For an experienced online shopper like Wang, who started to use Alibaba’s Taobao.com as early as 2004 and has placed more than 10,000 orders online -- earning her a five-diamond member status -- it still took about 90 minutes to complete all her transactions. Still, that was an improvement over prior years, she said.

“I feel this year Alibaba is more prepared for the amount of traffic on its systems,” Wang said. “In previous years, I either couldn’t open the page of the products I wanted, or I simply couldn’t pay for the products I placed an order for. But this year, I was able to complete all my orders on Alibaba’s websites without issues.”

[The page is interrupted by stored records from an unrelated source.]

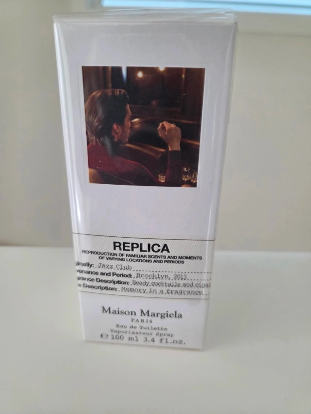 Maison Margiela REPLICA Jazz Club Eau de Toilette. "Heady cocktails and cigar" fragrance description. This is a vaporisateur spray, 100 ml or 3.4 fl.oz. It evokes a memory in a fragrance from Brooklyn, 2013.
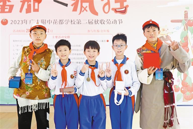 參加冬令營活動的少先隊員與廣大附中花都實驗學(xué)校的新朋友互換禮物并合影。記者 謝筱純 王珊 攝
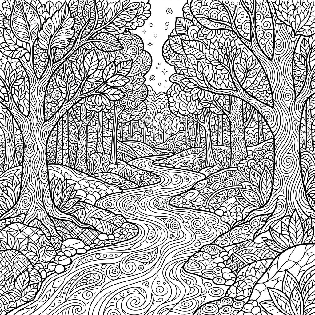Immerse yourself in nature with this stunning Zentangle forest river coloring page. Discover intricate patterns woven into every tree, leaf, and ripple of the winding creek.
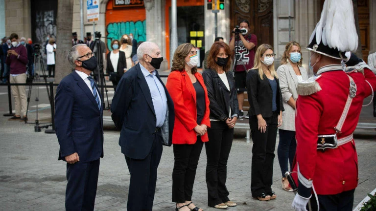 La Diada arranca siempre con la ofrenda floral de instituciones, partidos y entidades al monumento a Rafael Casanova de Barcelona, y este año no ha sido una excepción, aunque el formato, encorsetado por las medidas que impone la COVID-19, sí ha sido atípico.
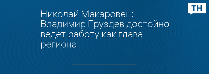 Николай Макаровец: Владимир Груздев достойно ведет работу как глава региона

This year, Alibaba introduced various measures to help smooth transactions. For example, vendors were encouraged to allow consumers to place orders for products -- and learn their discount percentage in advance -- if they made a small down payment. In Wang’s case, she made down payments on 10 of the 25 items she bought. On Tuesday, she just needed to pay the rest of the predetermined price after 6 a.m.

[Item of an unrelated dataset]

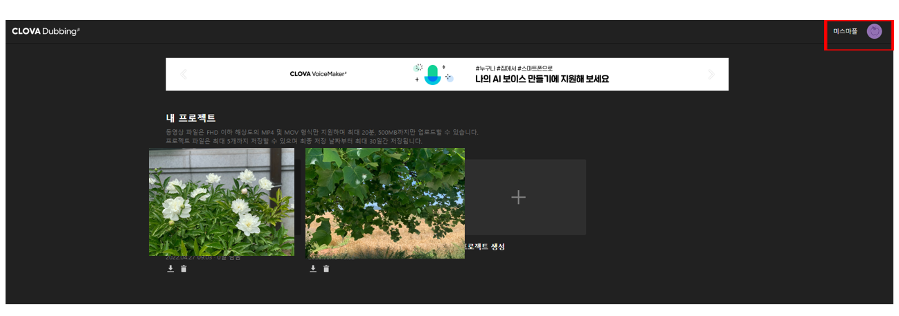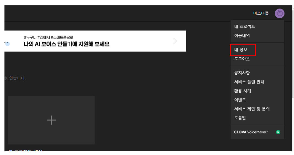 1. 네이버클로바에 더빙에 로그인합니다. 맨 우측 나의 정보에 해당하는 부분을 클릭합니다

Alibaba also encouraged consumers to add money to their accounts on Alipay, a PayPal-like payment service from the company. That eliminated the need for electronic verification between banks and payment systems. Wang put more than $500 in her Alipay account to cover her expected expenses Tuesday.

But for popular products like a winter jacket from Japanese clothing brand Uniqlo, consumers still had to fight for a chance to buy at a 50% discount.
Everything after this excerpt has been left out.